Your right its only racts when it supports your biased opinion.



Soren said:


> Provide sources for all your claims or they are just speculations on your part, pure and simple.



As are all of your claims. Nothing more than speculations Soren, nothing more...


----------



## SoD Stitch (Mar 26, 2008)

For anybody who's interested, here's another good on-line article from Smithsonian Air Space Magazine; it's a few years old now, but there is still a lot of pertinent information in it:

Air Space Magazine | Military Aviation | The Raptor Arrives


----------



## Marcel (Mar 26, 2008)

Matt308 said:


> Is the US the only nation that openly is concerned about the Chinese? And they are our leading trade partner, so a direct confrontation is unlikely, but another Vietnam where ideals are contested with technology is highly likely based upon historical precedent. Europe has no interest there, huh?



I think you're right that European countries are taking China less serious than the US does. If that is a good or a bad thing, I don't know, only time will tell, I'm afraid. 



plan_D said:


> I'm still confused by this discussion; the ability of the F-22 and Typhoon to do aerobatics has no place in modern warfare. Agility is an advantage but if the Typhoon could turn 360 degrees two seconds quicker, it would make no difference. Throw the machine around like a prepaid whore, the Raptor is 100 miles away and tracking your ass from space to the ground 'n there's nothing you can do about it.


Good post Plan and exactly what I wanted to post. Being able to do a nice Cobra manoeuvre will impress the crowd at a flight show, but hardly has any military value. Sadly the days of the Baron are over


----------



## FLYBOYJ (Mar 26, 2008)

Soren said:


> The question is, can it hold 9 G's indefinately as the Typhoon can ??


There's nothing indicating that it won't and everything indicating that it can!

SoD - good article. Here's a few quotes...

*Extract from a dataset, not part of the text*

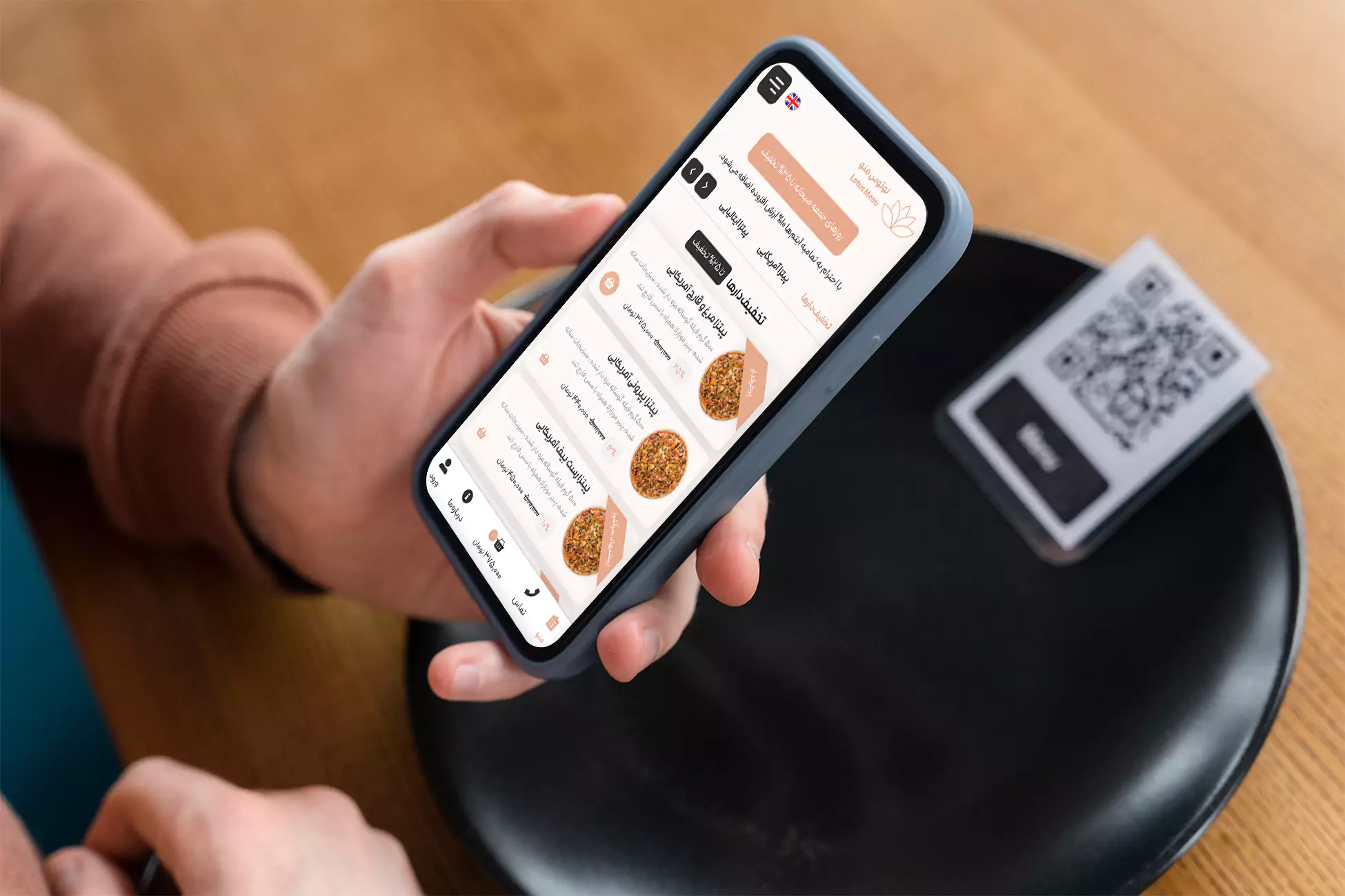 مشتریان با استفاده از گوشی خود، کد QR را اسکن میکنند یا آدرس وب‌سایت رو سرچ می‌کنند.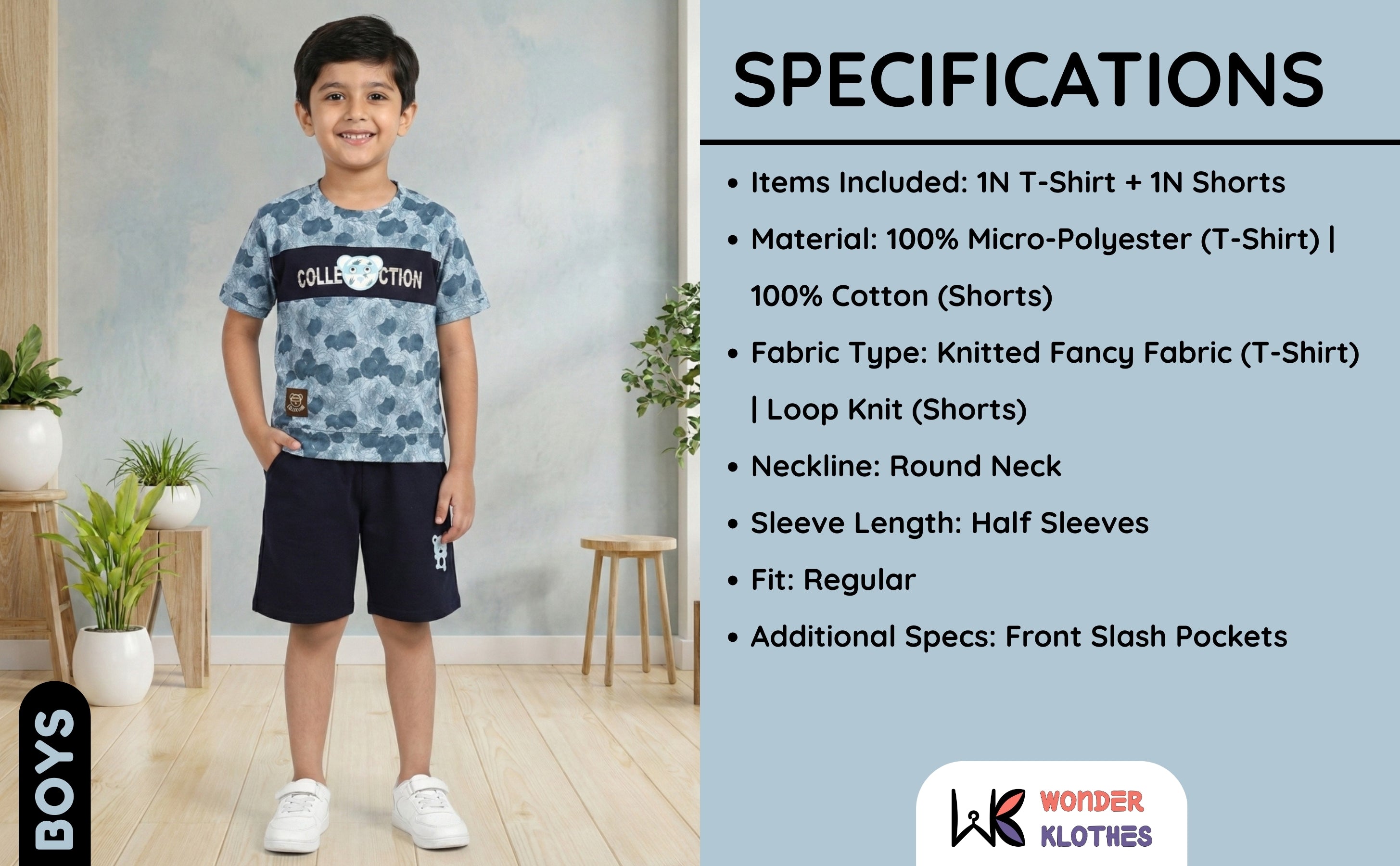 This set features a classic round neck and breezy half sleeves, making it a standout choice in kids wear boys. The matching shorts are just as brilliant, boasting handy front slash pockets for storing little treasures and a premium elastic waistband with bow detail for the perfect, snug fit. If you are hunting for a trendy kids boy dress that mixes style with ease, this is it!

*"The Raptor is simple: You pull on the stick and you get 9 Gs almost instantly. Little inputs on stick and the throttle give you large outputs. Its responsiveness and maneuverability over anything else airborne is instantly apparent.”*

_"Air Force planners expect that the Raptor will spend little time dogfighting; “supercruise and stealth are so much more important,” Cabral says. In a Raptor, a visual encounter should take place only “because you choose it,” he says, “and you arrive in the merge with complete surprise.”_

_"The Raptor’s radar range is classified, but Stapleton says he has “seen targets beyond 320 miles.”_

_“The F-15 has been around for 30 years and its tactics have evolved,” he says. “But we don’t have a lot of Raptor data points yet—we’re still building them. It’s a big gray area. Honestly, we don’t know what we don’t know.”_

Soren, we seen two referances about 9g turns - I'm sure we're going to see a real life comparison between the two in a mock arena providing they even get close enough (before the F-22 shoots down the Typhoon) to prove this sustained 9g turn you're so hung up on.


----------



## Soren (Mar 26, 2008)

FLYBOYJ,

I never doubted that the F-22 can pull 9 G's, nearly every fighter can do that, its holding those G's which is the problem. Also seeing that the F-22 doesn't have the luxury of the Libelle suit I don't even see how any pilot could claim that F-22 can hold 9 G's, and none have so far.


----------



## Evil_Merlin (Mar 26, 2008)

Soren said:


> FLYBOYJ,
> 
> I never doubted that the F-22 can pull 9 G's, nearly every fighter can do that, its holding those G's which is the problem. Also seeing that the F-22 doesn't have the luxury of the Libelle suit I don't even see how any pilot could claim that F-22 can hold 9 G's, and none have so far.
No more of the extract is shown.